CSE - Development and Testing of Interactive Software
The Spring 2026 research opportunities in the GESS Lab involve further development of interactive tools (including test applications) for future publication. Current projects in the lab involve optimization workflow with streaming between devices, and a new formalized approach to dense collision problems within virtual worlds. Additional research opportunities in this semester would be for tailoring usability of interactive software -- e.g., benchmarking the degree of interactivity and maximizing content driven by user experience studies/practices.
Within the ongoing research projects, students can participate in a well-explored domain of literature reviews and established codebase to both extend demonstrations, tools, and continue work on a paper publication. The project has an outstanding team of prior RAs that are available for onboarding questions and well as to assist in shared writing through Overleaf.
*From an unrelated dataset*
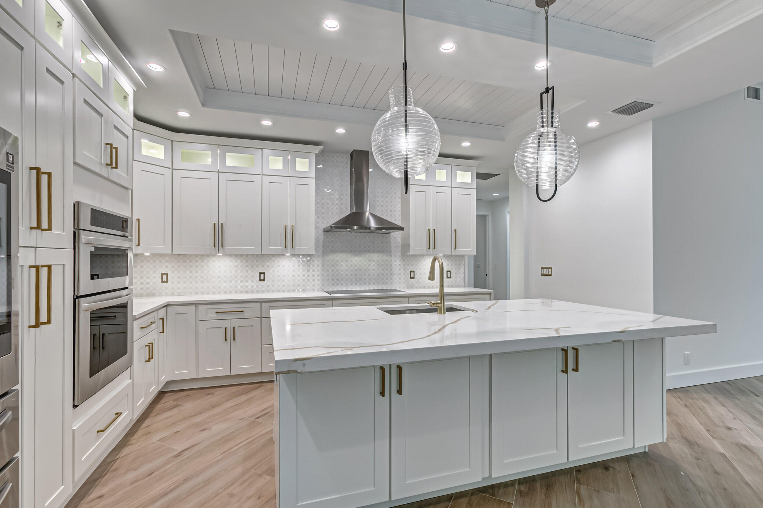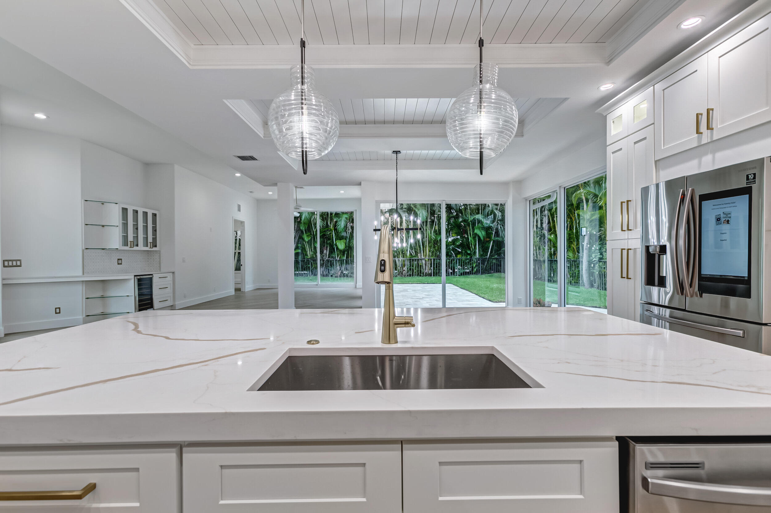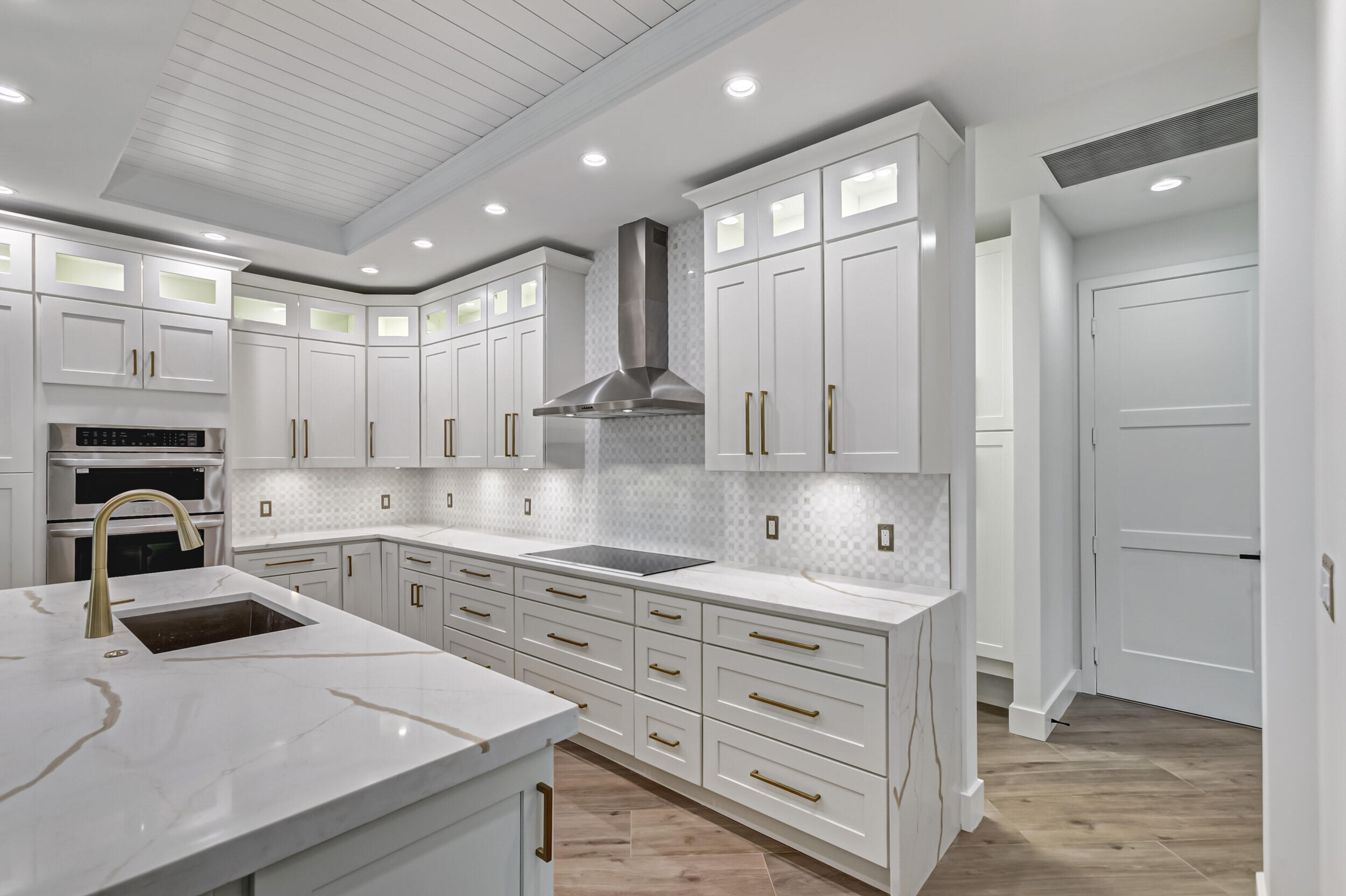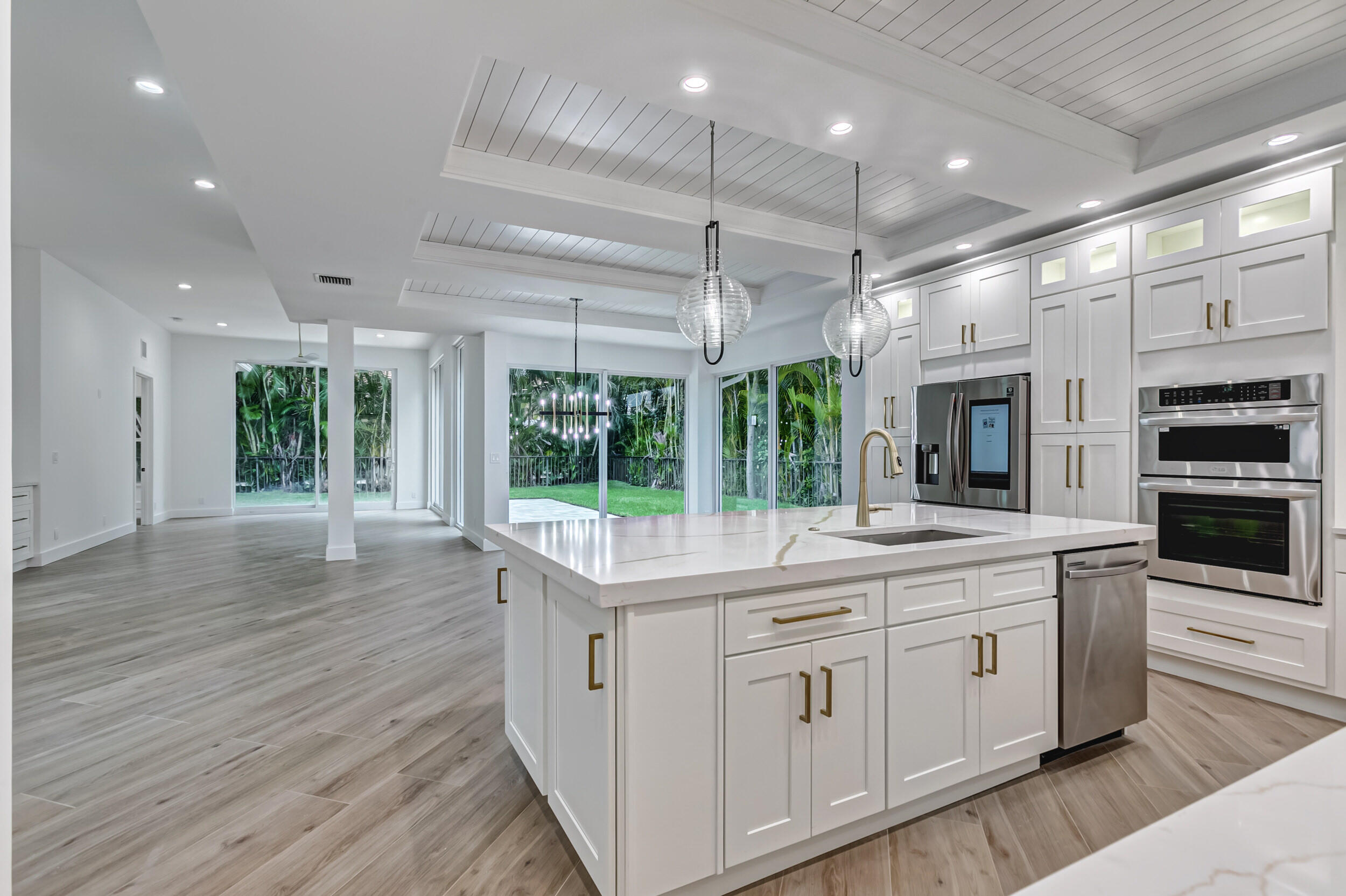 Masterfully designed, this exquisite home has been COMPLETELY renovated with impeccable craftsmanship throughout every detail. Privately nestled in the exclusive enclave community of REGENTS PLACE, this single-story residence is ideal for today's contemporary lifestyle. This reimagined home was enlarged to allow for nearly 2,100 SF and features 3 bedrooms including incredible master suite, 2 full bathrooms plus powder room, 2 car garage, separate living and dining rooms, expansive kitchen surrounded by all new impact windows and doors. From the moment you enter through your private gate, this inviting home feels like your own exclusive paradise. Designed with precision and perfection, this exquisite open floor plan is adorned with soaring ceilings, stunning Woodville natural tile flooring,

For research in interactive software usability, students will be exploring the frametime consistency of 3D interactive software to measure moments of detrimental impact within a logic loop. On top of this, students will study and analyze metrics for UX to apply the meaningfulness of components that have significant costs to frametime's and wherein deviations from a consistent frametime might be an exception by remaining beneficial to the overall experience.
Meetings will occur once (twice if needed) weekly following a Scrum and AGILE-like workspace. The meetings will include both brainstorming and reductionism for a set tasks for the following week. Sustained work intervals are expected to keep up with the steady developments required in these types of projects. While research practices will be applied in these projects, this is also a software-based role. As such, the experience provided will be similar to an R&D role where some of the time will be dictated by literature reviews, planning best on proposals of best practices, and validation through software development and testing.
The Game Engines and Simulation Systems (GESS) lab is focused on building compelling new tools for interactive applications. Tools and practices found in video game development extend to other real-world applications and problem solving skills as game engines are simulators which try to maximize compute based on combinations of numerical methods and algorithms deployed. By building tools and solving problems within the scope of interactive software, soft/hard real-time constraints require exploration of high-performance compute and changing hardware architectures to understand how best to approach software development.